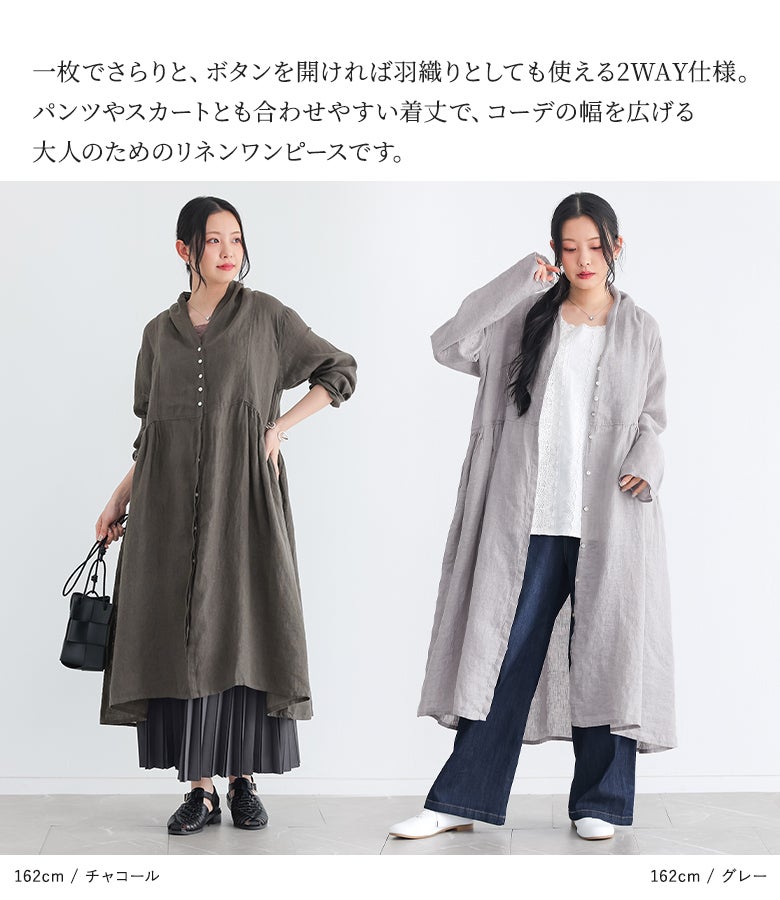 他の画像を見る コーデの幅を広げるリネンシャンブレーガウンカラーワンピース。 『リネンシャンブレーガウンカラーワンピース』【メール便不可】【20】 ¥ 15,180 税込 販売開始前です。 販売期間 2026/03/11 10:00 〜 2027/03/04 23:59 (0)
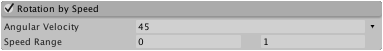 The rotation of a particle can be set here to change according to its speed in distance units per second.
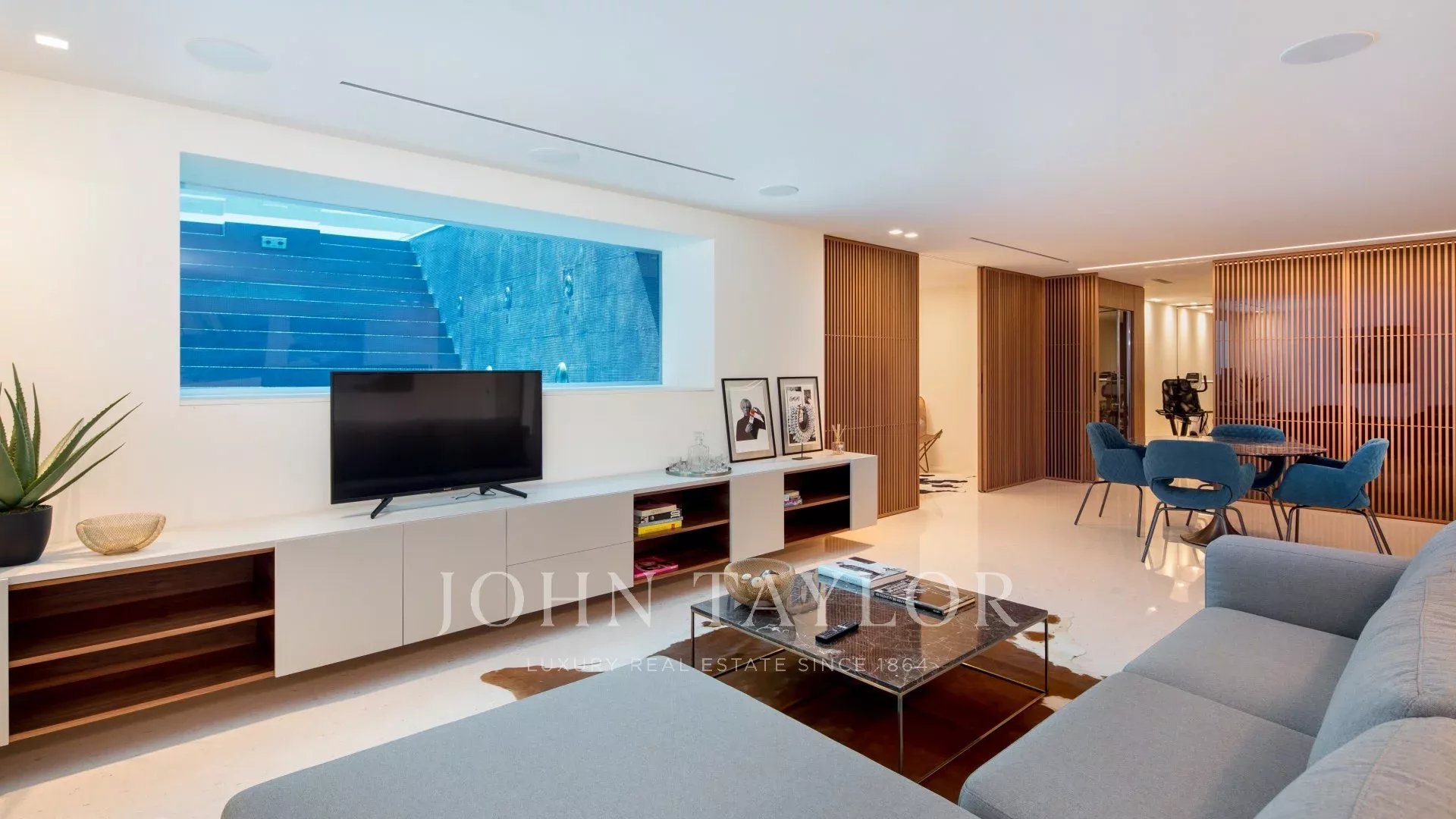 Vila má výtah, všeobecnou klimatizaci a vyhřívaný bazén s průhlednou stranou viditelnou zevnitř rezidence.
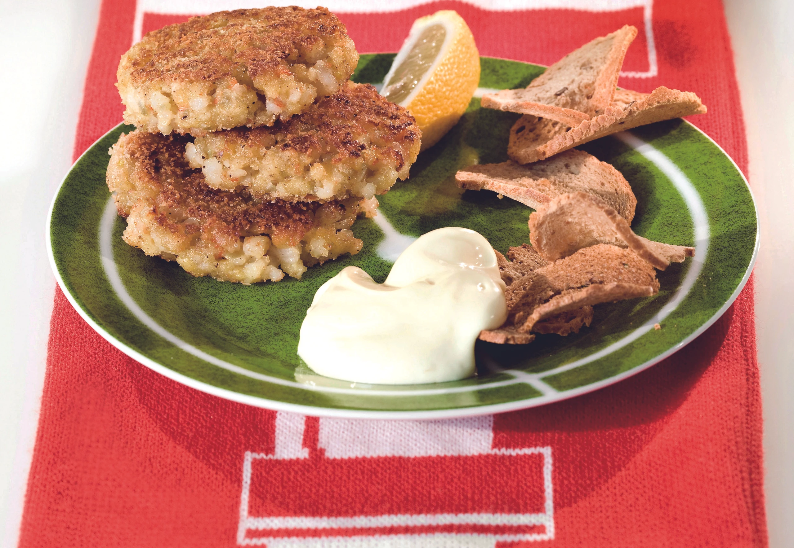Für die Sauce Mayonnaise mit Zitronensaft, Tabasco, Salz und Pfeffer pikant abschmecken. Laibchen mit Sauce und Brot-Chips servieren.
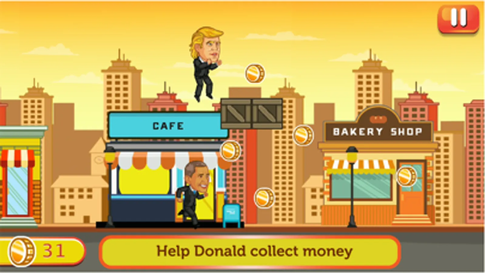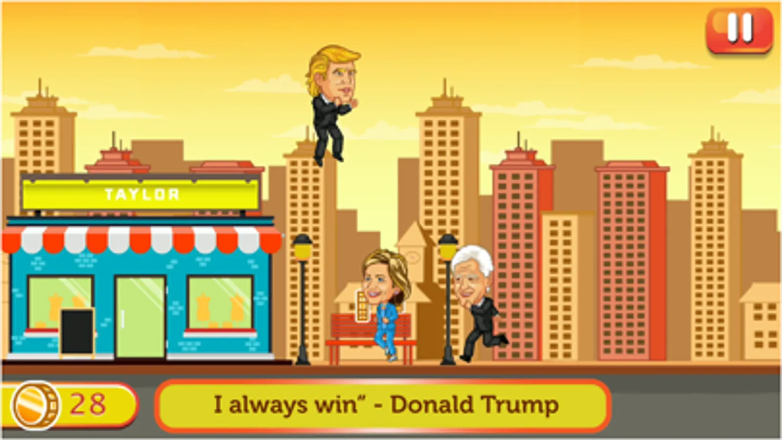 This Donald Trump jump game is not a simple one. Even though the controls are smooth and easy, the game is still challenging. You will discover Barack Obama, Hillary Clinton, and Bill Clinton along with President Trump. They will create so much trouble for the President. Don't get any hit by them, whenever they approach, just tap and tap to jump over them.
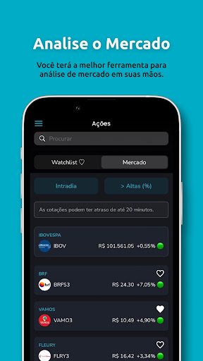Também terá a melhor ferramenta para análise de mercado em suas mãos. Conseguirá acompanhar notícias, estatísticas e informações relevantes para tomar as melhores decisões.
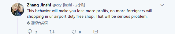 网友Zhang Jinshi:这样的行为会让你失去更多效益,外国人(非英国人)可能不会再去你们的免税店。这就很严重了。
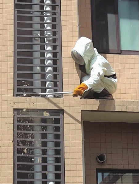 夏日酷暑,马蜂横行。7月份以来,短短19天长沙消防已处置299起马蜂扰民警情,为解民忧纾民困,消防员整个夏季都在与“狂蜂”斗智斗勇。记者 张洋银 实习生 彭芷萱 通讯员 林思 刘姿 摄
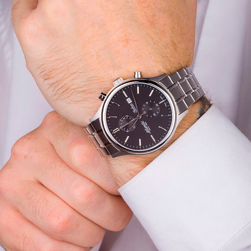 Ремешок: Браслет из нержавеющей стали, поверхность с матовой шлифовкой - сатинированием и полировкой. Браслетная раскладывающаяся застежка с дополнительным защитным фиксатором, гравировка с названием марки и ее эмблема.
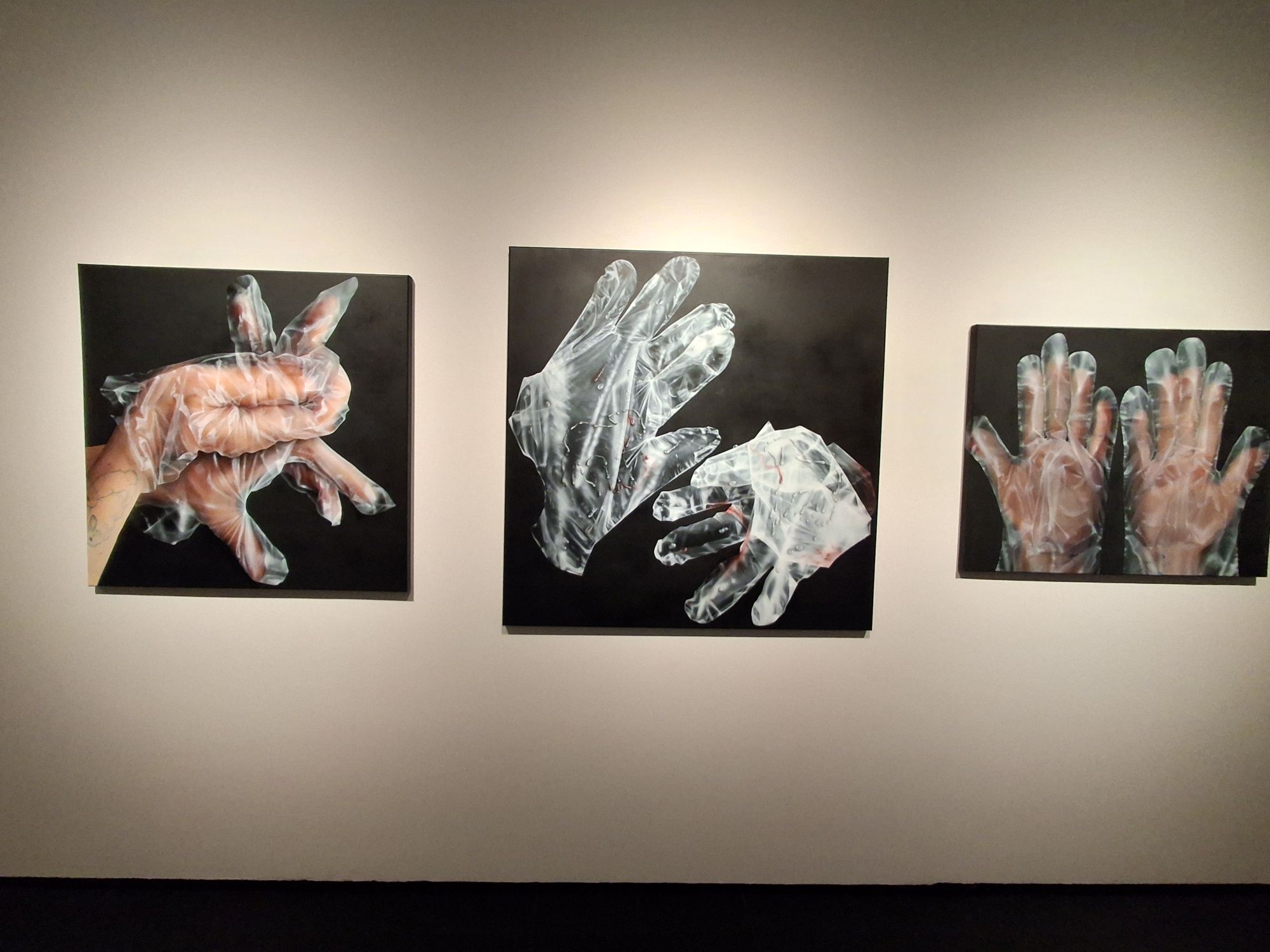 Niektóre prace powstały przy wykorzystaniu jednorazowych materiałów, jak np. chusteczki higieniczne. - Praca na materiałach jednorazowych to jest spora część tej wystawy - mówi autorka. - Interesuje mnie zjawisko jednorazowości, tymczasowości, które dotyczy nas, jako ludzi. Nasze życie jest ograniczone w pewien sposób, biorąc pod uwagę inne byty. Te jednorazowe doświadczenia, krótkie relacje też się nam przydarzają - dodała.

## Exercise description
No pictures belong in the copy. Repeat the listing above exactly.

## Output below
 他の画像を見る コーデの幅を広げるリネンシャンブレーガウンカラーワンピース。 『リネンシャンブレーガウンカラーワンピース』【メール便不可】【20】 ¥ 15,180 税込 販売開始前です。 販売期間 2026/03/11 10:00 〜 2027/03/04 23:59 (0)
 The rotation of a particle can be set here to change according to its speed in distance units per second.
 Vila má výtah, všeobecnou klimatizaci a vyhřívaný bazén s průhlednou stranou viditelnou zevnitř rezidence.
Für die Sauce Mayonnaise mit Zitronensaft, Tabasco, Salz und Pfeffer pikant abschmecken. Laibchen mit Sauce und Brot-Chips servieren.
 This Donald Trump jump game is not a simple one. Even though the controls are smooth and easy, the game is still challenging. You will discover Barack Obama, Hillary Clinton, and Bill Clinton along with President Trump. They will create so much trouble for the President. Don't get any hit by them, whenever they approach, just tap and tap to jump over them.
Também terá a melhor ferramenta para análise de mercado em suas mãos. Conseguirá acompanhar notícias, estatísticas e informações relevantes para tomar as melhores decisões.
 网友Zhang Jinshi:这样的行为会让你失去更多效益,外国人(非英国人)可能不会再去你们的免税店。这就很严重了。
 夏日酷暑,马蜂横行。7月份以来,短短19天长沙消防已处置299起马蜂扰民警情,为解民忧纾民困,消防员整个夏季都在与“狂蜂”斗智斗勇。记者 张洋银 实习生 彭芷萱 通讯员 林思 刘姿 摄
 Ремешок: Браслет из нержавеющей стали, поверхность с матовой шлифовкой - сатинированием и полировкой. Браслетная раскладывающаяся застежка с дополнительным защитным фиксатором, гравировка с названием марки и ее эмблема.
 Niektóre prace powstały przy wykorzystaniu jednorazowych materiałów, jak np. chusteczki higieniczne. - Praca na materiałach jednorazowych to jest spora część tej wystawy - mówi autorka. - Interesuje mnie zjawisko jednorazowości, tymczasowości, które dotyczy nas, jako ludzi. Nasze życie jest ograniczone w pewien sposób, biorąc pod uwagę inne byty. Te jednorazowe doświadczenia, krótkie relacje też się nam przydarzają - dodała.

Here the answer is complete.